(Records excerpted from a collection)
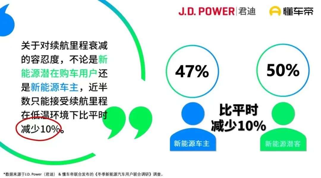 结合此前懂车帝与J.D. Power(君迪)联合发布的冬季新能源汽车用户调研报告,可以发现问题的严重性。在受访的4330份新能源车主的调查中,50%的受访者表示低温条件下最多能接受续航衰减10%。
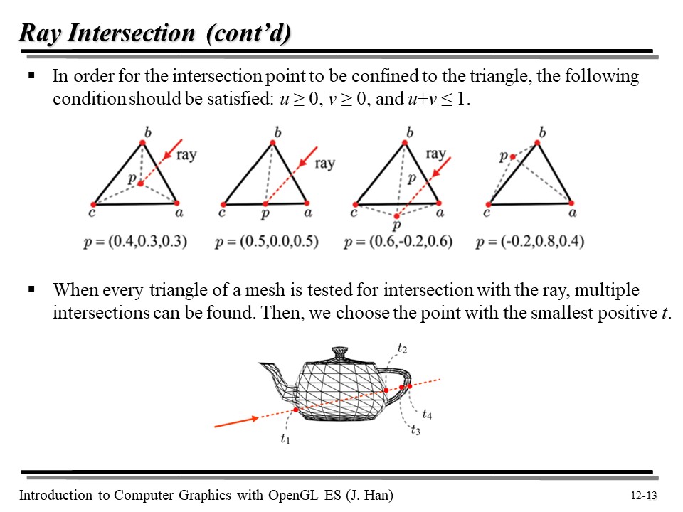 교차점 p 가 삼각형 안에 있으려면, u >= 0, v >= 0, u + v <= 1 의 조건을 만족해야 한다. 그래야만 상대적 무게값을 고려해 봤을때 p 가 안에 존재할 것이다.
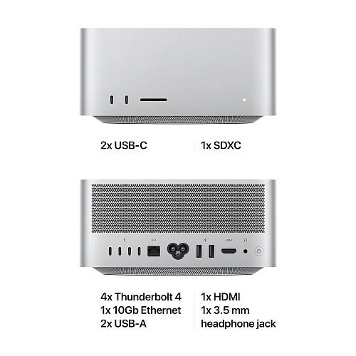Роз'єми та порти | 4x Thunderbolt 4 (up to 40Gb/s) (DisplayPort, USB 4, USB 3.1 Gen 2) / 2x USB‑A ports (up to 5Gb/s) / 1x HDMI port / 1x 10Gb Ethernet / 1x 3.5mm headphone jack |
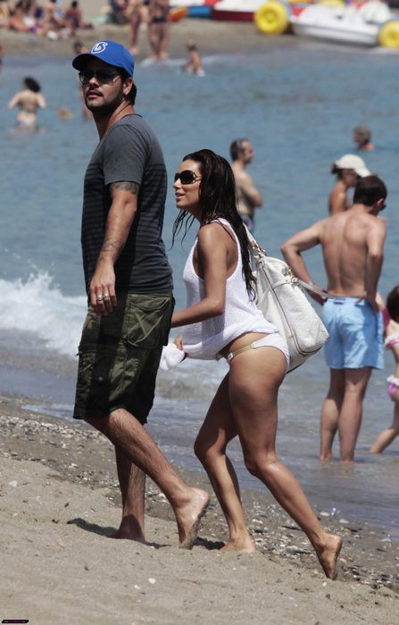 2011.07.02 Eva和男友Eduardo在西班牙海滩度假,白色比基尼
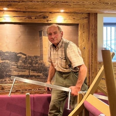 Heinz, der unermüdliche Handwerker und Helfer in baulichen Notlagen: die weite Fahrt aus Oberbayern hält Heinz nicht davon ab, seinen VW-Bus in eine fahrende Werkstatt umzuwandeln um damit seiner Tochter und dem RausZeit-Team in Törbel tatkräftigst unter die Arme zu greifen und dem Umbau im Laden einen massgebenden Schwung zu verleihen. Und auch wenn er dem Walliserdeutsch nicht ganz gewachsen ist, freut er sich über jede neue Begegnung im Dorf, das Miteinander "zünftig" Anpacken und danach das gesellige Beisammensein.
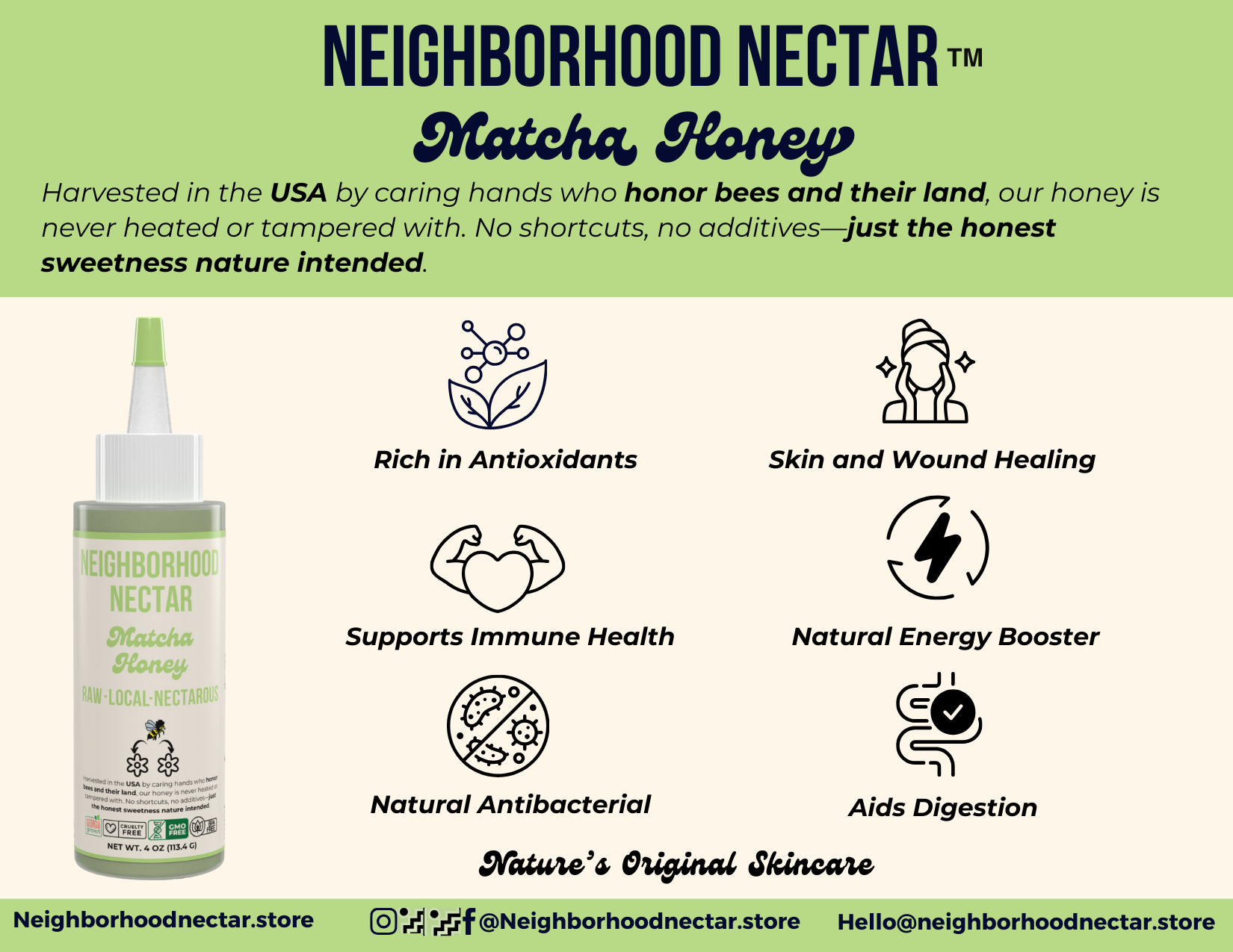 At Neighborhood Nectar™, we believe skincare should be simple, effective, and rooted in nature. Matcha Honey is made with raw, unfiltered honey that is gently whipped to a smooth, velvety texture and never heated. This preserves the natural enzymes, antioxidants, and antibacterial properties your skin benefits from. Infused with vibrant matcha, it becomes a nourishing ritual for calm, clear, glowing skin. Here is what makes it different:
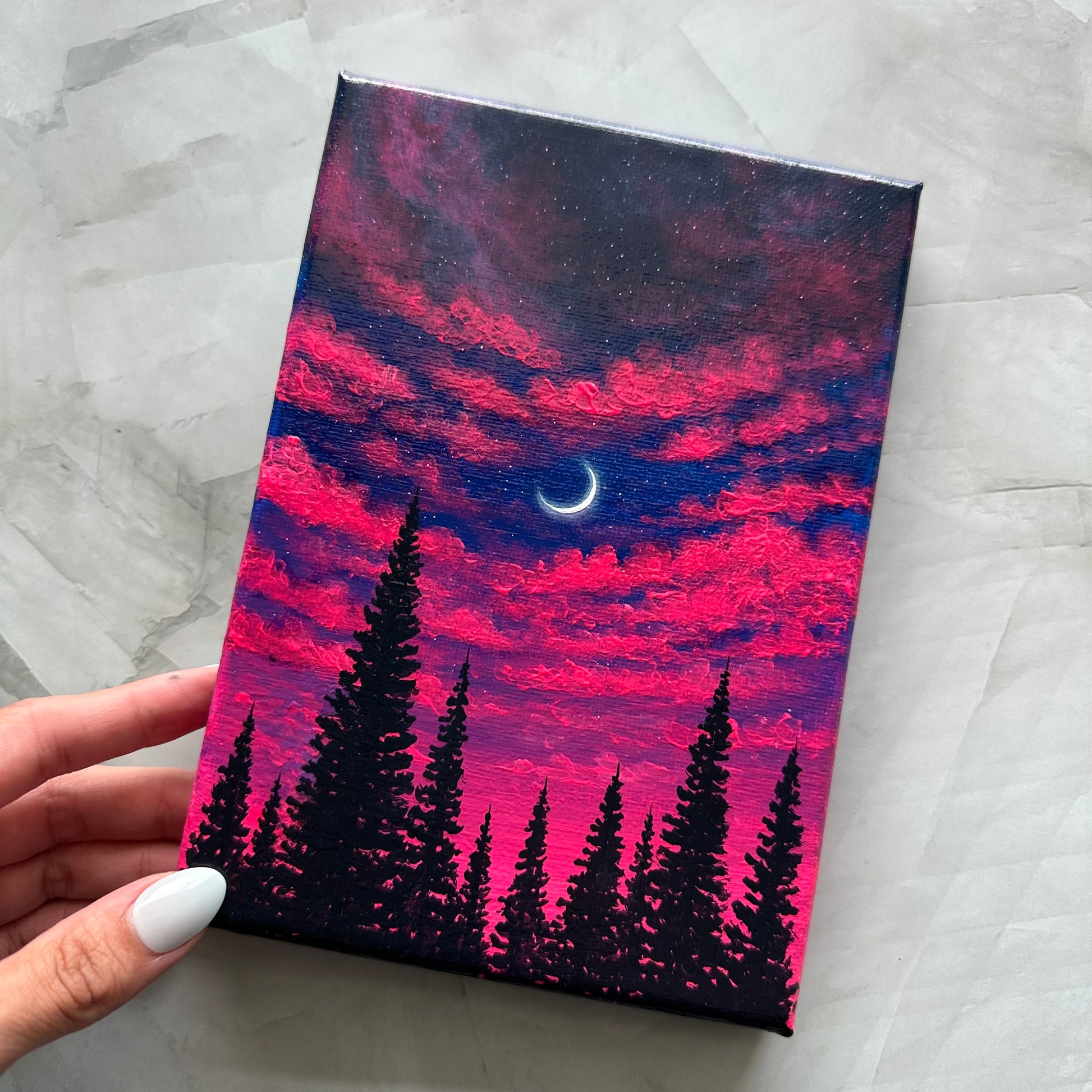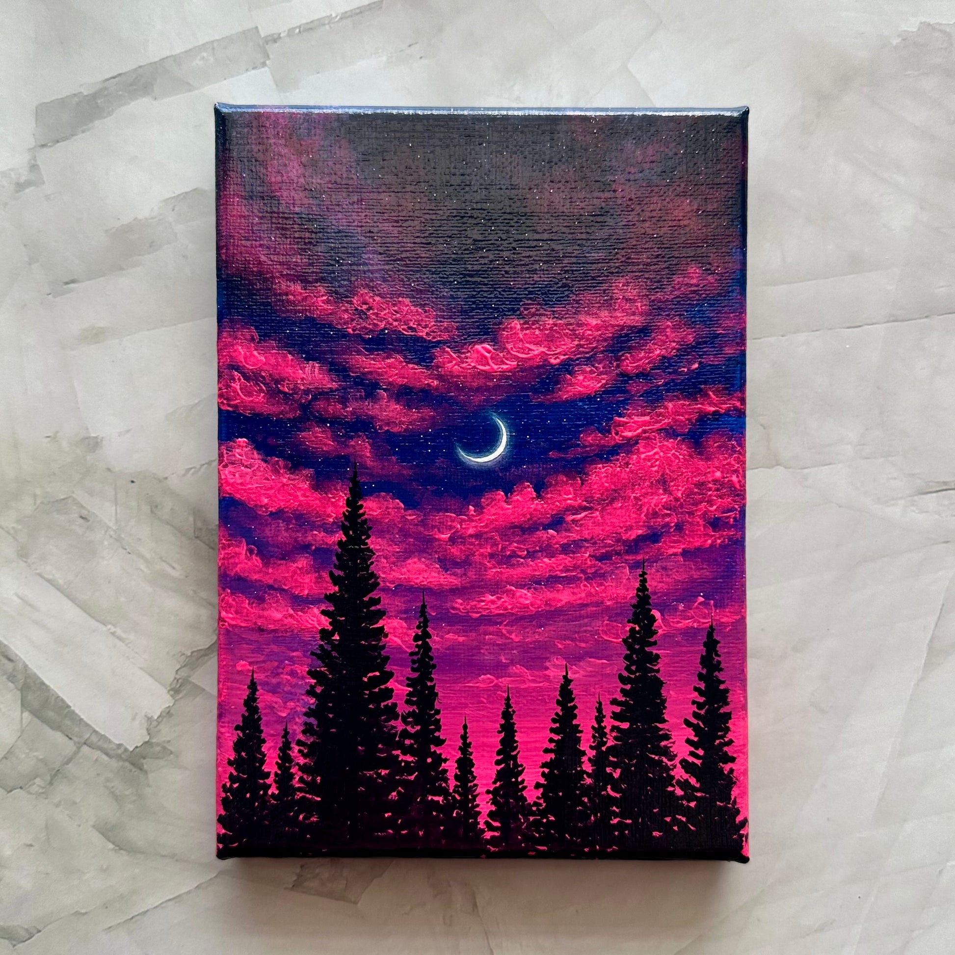Neon Hush is a moody dreamscape where vibrant pink clouds swirl through a deep indigo sky. A crescent moon glows above the trees, casting a quiet, electric energy. Painted on stretched canvas and signed on the back—this one-of-a-kind piece brings bold color and calm to any space. 🌙🌲

* _Activity_
Out of the records above, set down only the lines from the one that contains "2011.07.02 Eva和男友Eduardo在西班牙海滩度假,白色比基尼" through the one that contains "At Neighborhood Nectar™, we", unchanged and without the pictures.

* _Response box_
 2011.07.02 Eva和男友Eduardo在西班牙海滩度假,白色比基尼
 Heinz, der unermüdliche Handwerker und Helfer in baulichen Notlagen: die weite Fahrt aus Oberbayern hält Heinz nicht davon ab, seinen VW-Bus in eine fahrende Werkstatt umzuwandeln um damit seiner Tochter und dem RausZeit-Team in Törbel tatkräftigst unter die Arme zu greifen und dem Umbau im Laden einen massgebenden Schwung zu verleihen. Und auch wenn er dem Walliserdeutsch nicht ganz gewachsen ist, freut er sich über jede neue Begegnung im Dorf, das Miteinander "zünftig" Anpacken und danach das gesellige Beisammensein.
 At Neighborhood Nectar™, we believe skincare should be simple, effective, and rooted in nature. Matcha Honey is made with raw, unfiltered honey that is gently whipped to a smooth, velvety texture and never heated. This preserves the natural enzymes, antioxidants, and antibacterial properties your skin benefits from. Infused with vibrant matcha, it becomes a nourishing ritual for calm, clear, glowing skin. Here is what makes it different:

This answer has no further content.